Images should not appear in the copy, yet every line of the listing below must be printed exactly.

Raw data:

*** Begin section ***

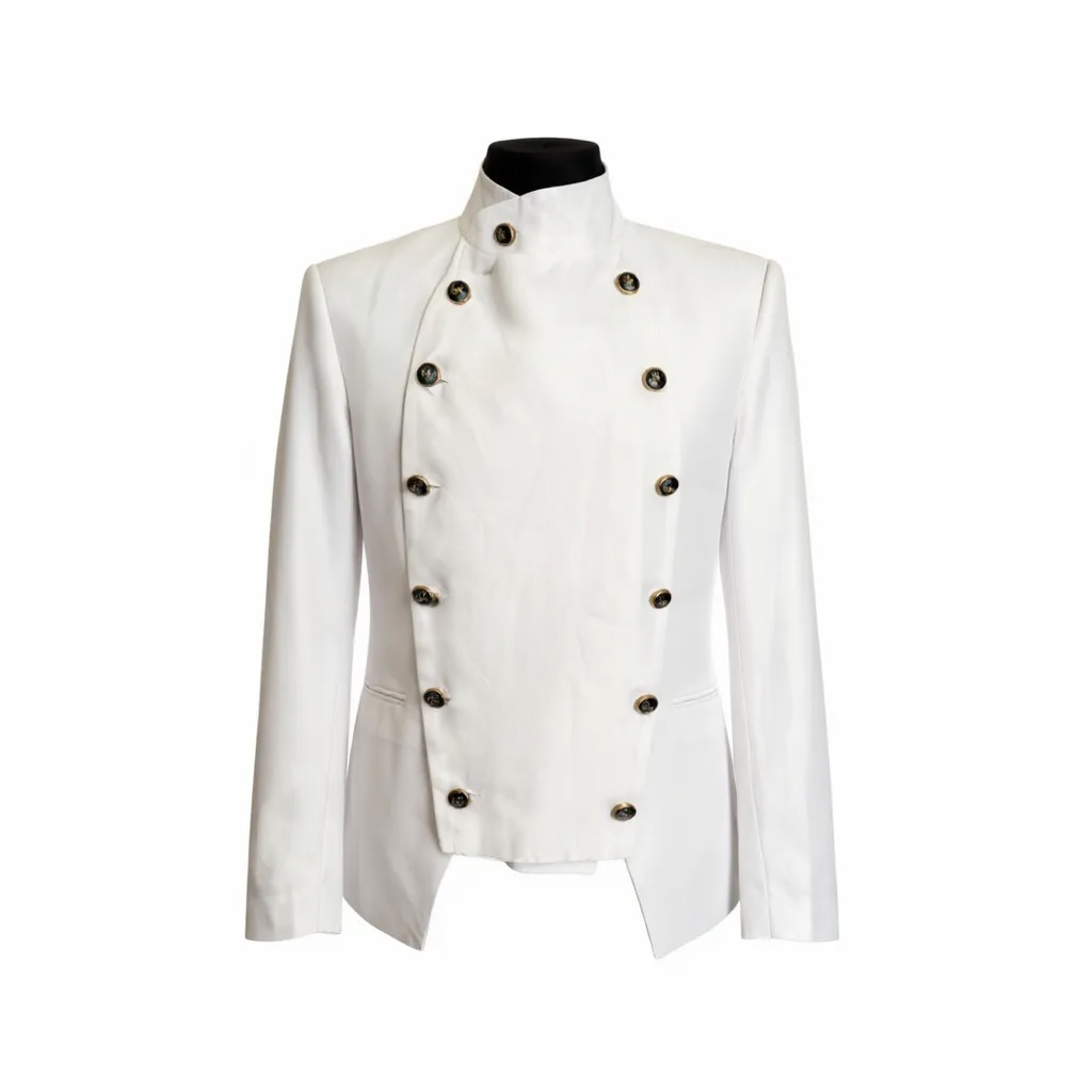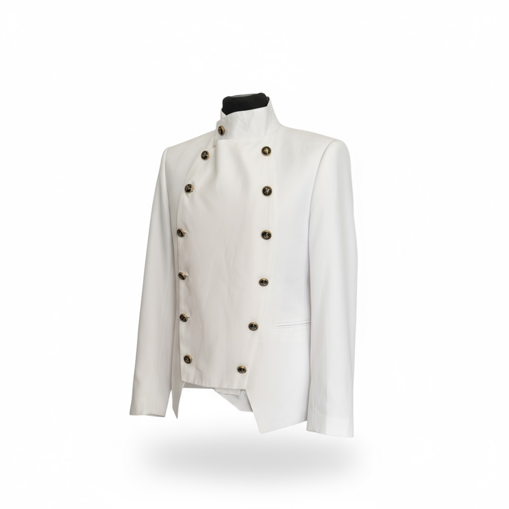 Veste à bouton inspirée des serveurs et cuisiniers des grands palaces parisiens. Coupe impeccable et tissu raffiné, symbole d’élégance et de précision, à la fois classique et contemporain. Une pièce qui incarne la prestance et le savoir-faire à la parisienne.
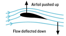In this theory of lift, air flows over the top and bottom of the airfoil and is deflected downward and the airfoil goes upward.
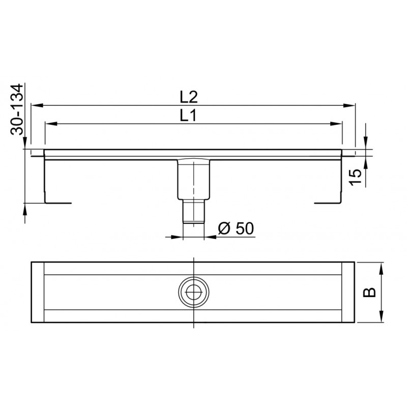 - Sprchový žľab DN 50 pre sprchový priestor, vhodný pre všetky hrdlové potrubné systémy

*** End section ***

Solution to the exercise:
 Veste à bouton inspirée des serveurs et cuisiniers des grands palaces parisiens. Coupe impeccable et tissu raffiné, symbole d’élégance et de précision, à la fois classique et contemporain. Une pièce qui incarne la prestance et le savoir-faire à la parisienne.
In this theory of lift, air flows over the top and bottom of the airfoil and is deflected downward and the airfoil goes upward.
 - Sprchový žľab DN 50 pre sprchový priestor, vhodný pre všetky hrdlové potrubné systémy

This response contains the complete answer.